▶ **Problem statement**
Pull every line that includes the word "municipal" from the data.

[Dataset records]
━━━━━━━━━━━━━━━━
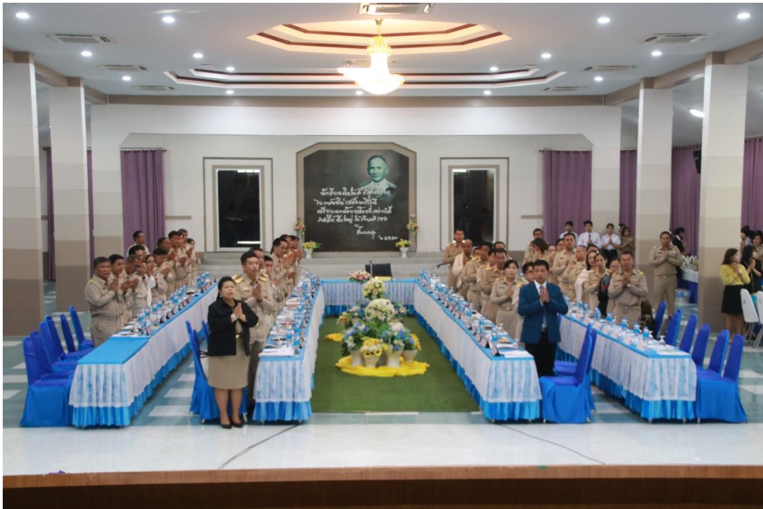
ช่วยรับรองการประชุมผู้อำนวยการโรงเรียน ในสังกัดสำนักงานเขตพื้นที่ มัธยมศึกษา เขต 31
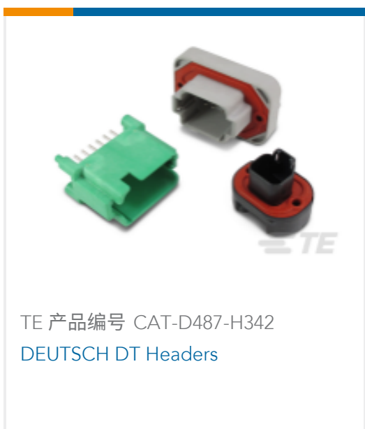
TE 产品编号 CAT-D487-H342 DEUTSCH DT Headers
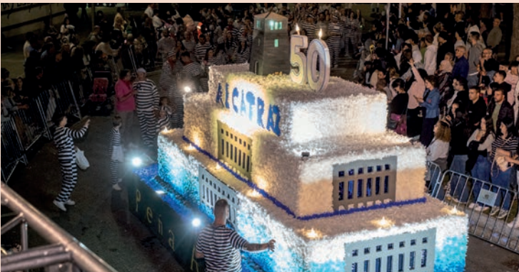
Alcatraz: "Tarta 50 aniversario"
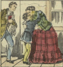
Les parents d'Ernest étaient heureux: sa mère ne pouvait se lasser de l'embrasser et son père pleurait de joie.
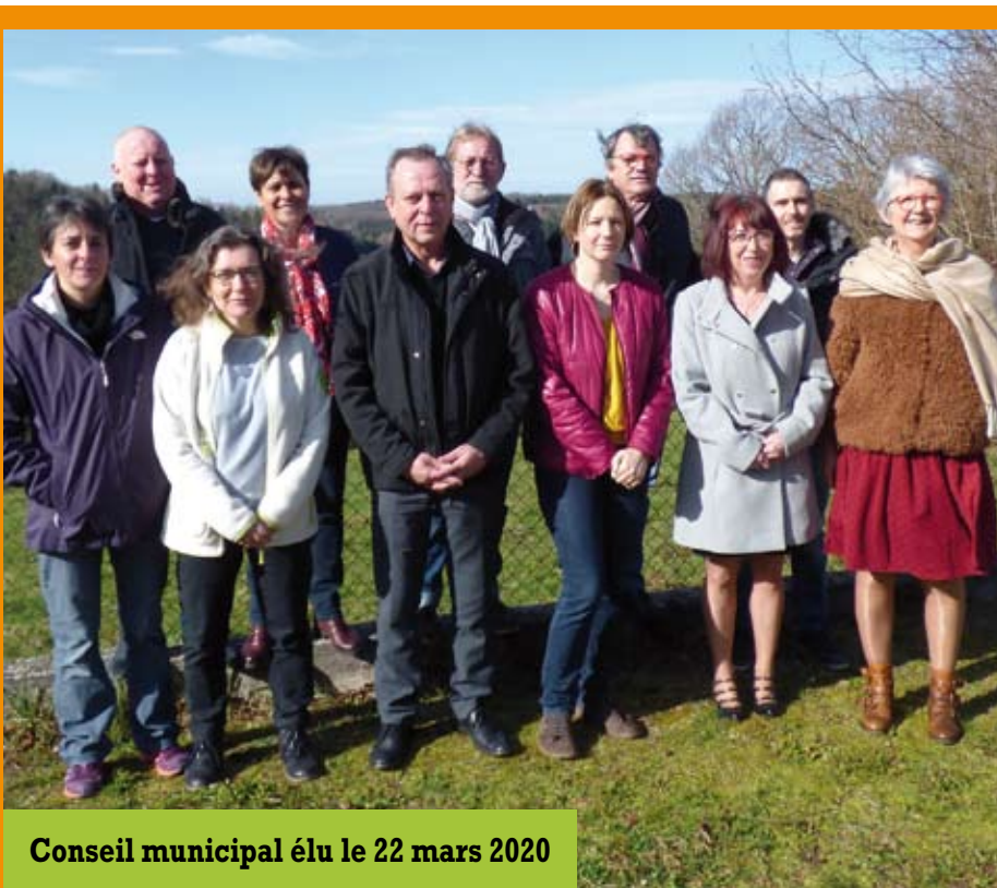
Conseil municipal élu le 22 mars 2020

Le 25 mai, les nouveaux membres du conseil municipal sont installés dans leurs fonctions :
━━━━━━━━━━━━━━━━
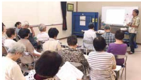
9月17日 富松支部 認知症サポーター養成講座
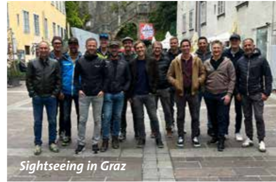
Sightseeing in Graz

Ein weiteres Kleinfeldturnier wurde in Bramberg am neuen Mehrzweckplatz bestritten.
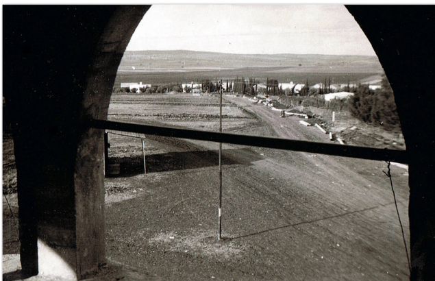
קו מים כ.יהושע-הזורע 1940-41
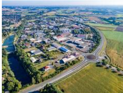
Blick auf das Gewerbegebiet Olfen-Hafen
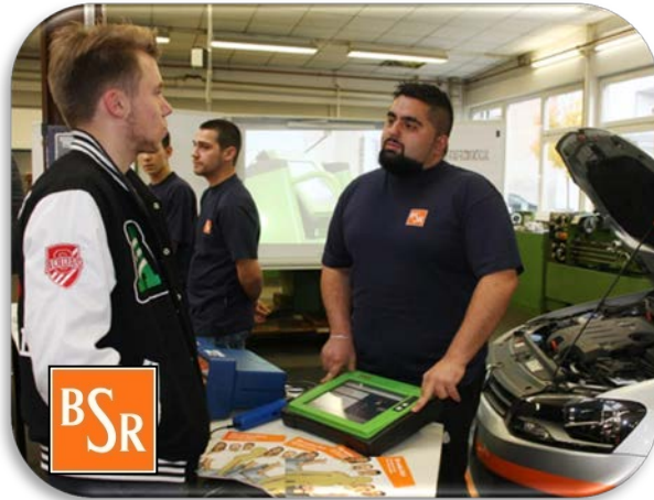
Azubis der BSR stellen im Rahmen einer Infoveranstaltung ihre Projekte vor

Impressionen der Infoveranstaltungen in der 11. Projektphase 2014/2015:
━━━━━━━━━━━━━━━━
▶ **Solution for this exercise**
Conseil municipal élu le 22 mars 2020
Le 25 mai, les nouveaux membres du conseil municipal sont installés dans leurs fonctions :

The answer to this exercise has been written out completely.